Repeat the records below exactly, leaving out every picture.

** Opening PROVIDED DATA block **

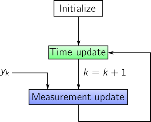 The Kalman filter consists of three phases: initialization, time update, and measurement update. The last two phases are repeated for each new measurement, see diagram illustration.
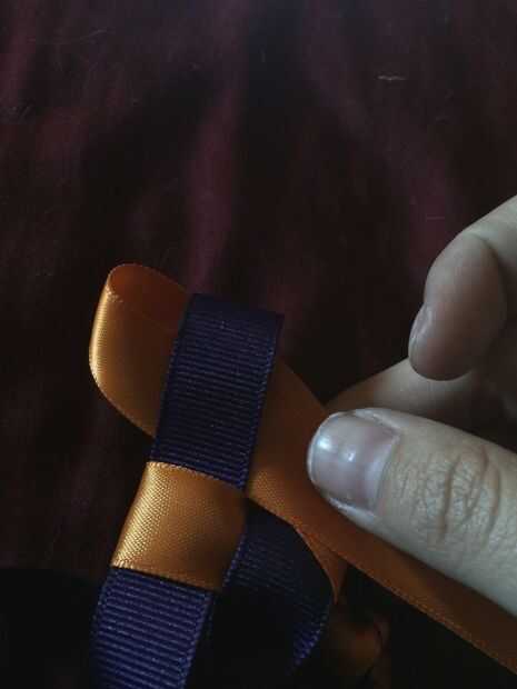 - Aún usando el púrpura cinta, hacer lazo con la cinta exceso doblada hacia usted y en la parte superior como se ve en la imagen #4.
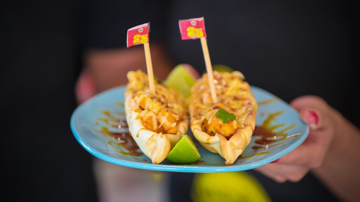 - Descrição do prato: Barquetes recheadas com camarão cremoso, regadas com melado artesanal.
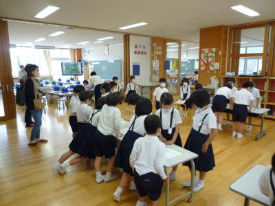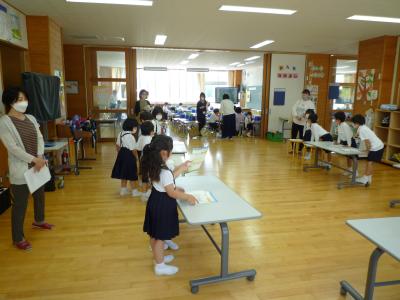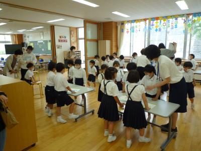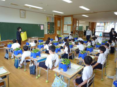 2022年5月31日 14時09分5月31日(火) 3月までお世話になった幼稚園、子ども園、幼保園の先生方が1年生の様子を見に来られました。生活科の授業でした。前半は5感を使ってあさがおを観察し絵にかき、後半は観察して見つけたことをお店やさんの形で伝え合いました。来て下さった先生方、ありがとうございました。
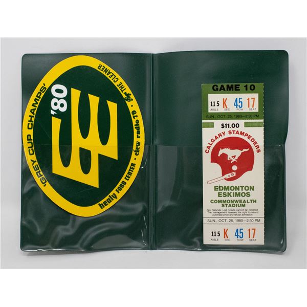1980 EDMONTON ESKIMOS TICKET, STICKER AND PASS

** Closing PROVIDED DATA block **

TASK RESULT —
 The Kalman filter consists of three phases: initialization, time update, and measurement update. The last two phases are repeated for each new measurement, see diagram illustration.
 - Aún usando el púrpura cinta, hacer lazo con la cinta exceso doblada hacia usted y en la parte superior como se ve en la imagen #4.
 - Descrição do prato: Barquetes recheadas com camarão cremoso, regadas com melado artesanal.
 2022年5月31日 14時09分5月31日(火) 3月までお世話になった幼稚園、子ども園、幼保園の先生方が1年生の様子を見に来られました。生活科の授業でした。前半は5感を使ってあさがおを観察し絵にかき、後半は観察して見つけたことをお店やさんの形で伝え合いました。来て下さった先生方、ありがとうございました。
1980 EDMONTON ESKIMOS TICKET, STICKER AND PASS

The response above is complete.